Servus Leute,

    ich muss das jetzt mal loswerden. In letzter Zeit beobachte ich hier im Sub eine Entwicklung, die mir ehrlich gesagt Angst macht. Es fühlt sich an, als hätten wir einen Kipp-Punkt erreicht: Rassistisches Gedankengut und teilweise offene Nazi-Propaganda werden nicht nur gepostet, sondern erhalten auch noch netto-Upvotes. Wer die Kommentare unter aktuellen politischen Posts liest, sieht eine Enthemmung, die vor kurzem hier noch undenkbar gewesen wäre.
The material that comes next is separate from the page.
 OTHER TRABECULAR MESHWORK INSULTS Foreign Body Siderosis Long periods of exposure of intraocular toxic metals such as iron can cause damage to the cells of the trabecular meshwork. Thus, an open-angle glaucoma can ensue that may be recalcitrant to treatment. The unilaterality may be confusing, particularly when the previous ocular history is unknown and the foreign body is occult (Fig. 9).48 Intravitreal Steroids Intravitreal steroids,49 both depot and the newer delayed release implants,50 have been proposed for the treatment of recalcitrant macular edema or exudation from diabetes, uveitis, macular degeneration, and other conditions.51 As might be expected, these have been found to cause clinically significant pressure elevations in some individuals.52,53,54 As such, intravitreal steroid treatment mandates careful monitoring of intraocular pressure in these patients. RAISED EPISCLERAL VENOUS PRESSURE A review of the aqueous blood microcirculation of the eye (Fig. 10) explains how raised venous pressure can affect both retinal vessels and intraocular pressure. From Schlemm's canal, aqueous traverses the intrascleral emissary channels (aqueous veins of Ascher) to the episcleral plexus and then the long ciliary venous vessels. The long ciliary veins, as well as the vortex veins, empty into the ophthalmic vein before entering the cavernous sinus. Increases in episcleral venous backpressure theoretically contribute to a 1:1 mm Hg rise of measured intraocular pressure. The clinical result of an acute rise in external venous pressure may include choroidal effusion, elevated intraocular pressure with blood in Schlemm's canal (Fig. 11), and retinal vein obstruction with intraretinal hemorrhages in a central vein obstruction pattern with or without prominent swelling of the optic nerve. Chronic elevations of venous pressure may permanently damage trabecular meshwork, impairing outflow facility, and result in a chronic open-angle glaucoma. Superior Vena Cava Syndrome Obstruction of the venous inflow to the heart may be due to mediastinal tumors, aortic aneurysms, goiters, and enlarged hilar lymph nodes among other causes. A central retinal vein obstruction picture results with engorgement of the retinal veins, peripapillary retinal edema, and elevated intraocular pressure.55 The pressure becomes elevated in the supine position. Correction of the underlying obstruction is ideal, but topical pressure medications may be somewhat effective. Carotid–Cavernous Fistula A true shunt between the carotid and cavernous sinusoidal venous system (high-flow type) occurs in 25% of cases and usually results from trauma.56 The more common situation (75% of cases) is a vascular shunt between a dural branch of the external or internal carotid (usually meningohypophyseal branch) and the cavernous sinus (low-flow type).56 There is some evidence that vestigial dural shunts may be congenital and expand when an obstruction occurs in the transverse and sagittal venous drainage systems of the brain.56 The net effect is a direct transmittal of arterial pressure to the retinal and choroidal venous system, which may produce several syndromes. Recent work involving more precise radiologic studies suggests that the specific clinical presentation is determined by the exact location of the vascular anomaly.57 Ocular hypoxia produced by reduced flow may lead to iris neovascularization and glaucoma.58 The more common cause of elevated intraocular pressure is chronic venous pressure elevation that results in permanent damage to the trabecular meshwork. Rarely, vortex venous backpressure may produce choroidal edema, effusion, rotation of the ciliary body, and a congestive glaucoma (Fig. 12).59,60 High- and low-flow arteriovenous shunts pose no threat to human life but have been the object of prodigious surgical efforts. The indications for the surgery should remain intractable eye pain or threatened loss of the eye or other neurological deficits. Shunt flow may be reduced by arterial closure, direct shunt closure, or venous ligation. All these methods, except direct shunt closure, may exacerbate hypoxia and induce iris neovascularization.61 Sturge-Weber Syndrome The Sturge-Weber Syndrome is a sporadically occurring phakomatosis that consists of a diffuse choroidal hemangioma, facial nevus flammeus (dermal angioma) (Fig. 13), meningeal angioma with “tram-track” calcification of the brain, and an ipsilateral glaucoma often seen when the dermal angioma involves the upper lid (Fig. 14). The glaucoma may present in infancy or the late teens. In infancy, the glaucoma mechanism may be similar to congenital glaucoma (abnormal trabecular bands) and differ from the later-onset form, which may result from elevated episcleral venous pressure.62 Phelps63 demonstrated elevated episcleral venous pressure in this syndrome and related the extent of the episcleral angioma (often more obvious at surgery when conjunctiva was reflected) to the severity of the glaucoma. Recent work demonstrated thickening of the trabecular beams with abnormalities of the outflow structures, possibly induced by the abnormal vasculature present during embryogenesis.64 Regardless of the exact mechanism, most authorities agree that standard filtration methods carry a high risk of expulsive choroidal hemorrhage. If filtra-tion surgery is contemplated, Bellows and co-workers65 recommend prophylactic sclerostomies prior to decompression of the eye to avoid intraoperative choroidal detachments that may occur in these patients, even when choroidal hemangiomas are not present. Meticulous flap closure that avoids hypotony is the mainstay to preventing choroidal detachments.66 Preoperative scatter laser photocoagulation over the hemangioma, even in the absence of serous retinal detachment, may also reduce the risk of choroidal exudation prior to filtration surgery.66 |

    Ja, Integration und Migration bringen Herausforderungen mit sich und sie funktionieren wirklich nicht so gut, wie sie sollten, das leugne ich keineswegs und darüber kann und sollte diskutiert werden. Aber das Ausmaß, in dem dieses Thema aufgebauscht wird (von Krawall-Medien und rechten Parteien), steht in keinem Verhältnis zur Realität. Es werden halt die immer gleichen Narrative so oft wiederholt, immer und immer wieder, bis sich das in den Köpfen der Menschen als "Wahrheit" eingebrannt hat. Das alles ist aber nur ein gezieltes Ablenkungsmanöver.

    Denn währenddessen leben wir in einem Wirtschaftssystem, das ein immer größeres Gefälle zwischen Arm und Reich erzeugt. Die Reichen bekommen den Hals nicht voll und wir werden mit einer verpflichtenden günstigen Mahlzeit beim Wirt und Steuersenkungen auf eine Handvoll "Grundnahrungsmittel" abgespeist. Die soziale Instabilität wächst, die Mittelschicht bröckelt. Und genau hier setzen rechte Parteien und deren extrem effektive Social-Media-Maschinerien an: Statt über Systemfehler zu reden, wird ein Sündenbock präsentiert: der Migrant.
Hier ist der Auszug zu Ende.